AAPG ANNUAL CONFERENCE AND EXHIBITION
Making the Next Giant Leap in Geosciences
April 10-13, 2011, Houston, Texas, USA
The Relationship Between Diagenesis, Porosity Evolution and Hydrocarbon Charging of Deeply Buried Sandstone Reservoirs in Dongpu Sag, Bohai Bay Basin, East China
(1) College of Geo-Resource and Information, China University of Petroleum, Qingdao, China.

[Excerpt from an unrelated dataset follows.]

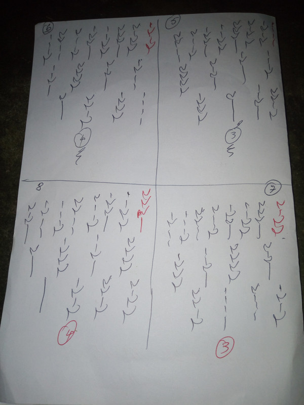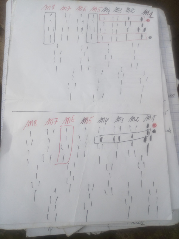 Par contre, la flèche de tête Feu est ouvert, mais quand on compare avec le cou fermé (2 points) de la figure (1222) en M1, alors (1222) en M1 ne vient jamais en répétition en M6,car les points ne sont pas identiques, le point de la tête feu est ouvert et son ventre est fermé (2points) ,ici les points ne sont pas identiques alors (1222) en M1 ne vient jamais en répétition en M7,et la tête Feu est ouvert, (1 point) par contre les pieds de (1222) est fermé,(2points) donc 1 point de la tête Feu (1222) et son pieds ne sont pas identiques donc (1222) en M1, ne vient jamais en répétition en M8.

In the process of study of deeply-buried sandstone reservoirs in Dongpu Sag, which is deeper than 3500m, we found that there are several features: (1) The sandstone is tight, its grains of the reservoir are very fine, and porosity is low. (2) The abnormally high porosity belts were developed locally, but its formation mechanism and distribution laws are unclear. (3) The reservoirs containing high oil saturation usually have high porosity. For example, the siltstone at 4153m in well W203-59 contains oil, and its porosity is 19%. Has the early hydrocarbon charging prevented the process of cementation filling, and left high porosity? Or has the oil just filled the spaces where the early cementation missed? In other words, whether hydrocarbon charging can control the diagenesis and porosity evolution of deeply-buried sandstone reservoirs in Dongpu Sag? And how it controlled? Using the data of thin-sections analysis, cathodoluminescence, SEM and fluid inclusions, we studied the characteristics of diagenesis, porosity type and evolution of reservoirs in different depth, and the relationships between hydrocarbon charging and development of effective reservoir. And gained the following conclusions: (1) Early carbonate cementation had impeded diagenesis, and it had eliminated the further packing of detrital grains during compaction, and is good for the reservation of pore spaces. (2) Latter carbonates mainly include ferroan calcite and ankerite. By the organic acid, early carbonates, feldspar and clay minerals provided material bases for latter carbonates, and the dissolved matters will move to some places by acidic fluid and deposit again, and it usually decreased the porosity of the reservoir. (3) In the reservoirs undertaken hydrocarbon charging, corrosion of feldspars and calcites were strong, and it produced large amount of secondary porosities, which made of the major pore spaces of the deeply-buried sandstone reservoirs. (4) The hydrocarbon charging controlled the diagenetic evolution of the reservoir. It had impeded the quartz overgrowth and latter carbonate cementation filling. (5) The hydrocarbon charging influenced the formation and conversion of clay minerals in the reservoirs . For example, only in the reservoirs in which the hydrocarbon saturation is low, the secondary Illites were largely developed.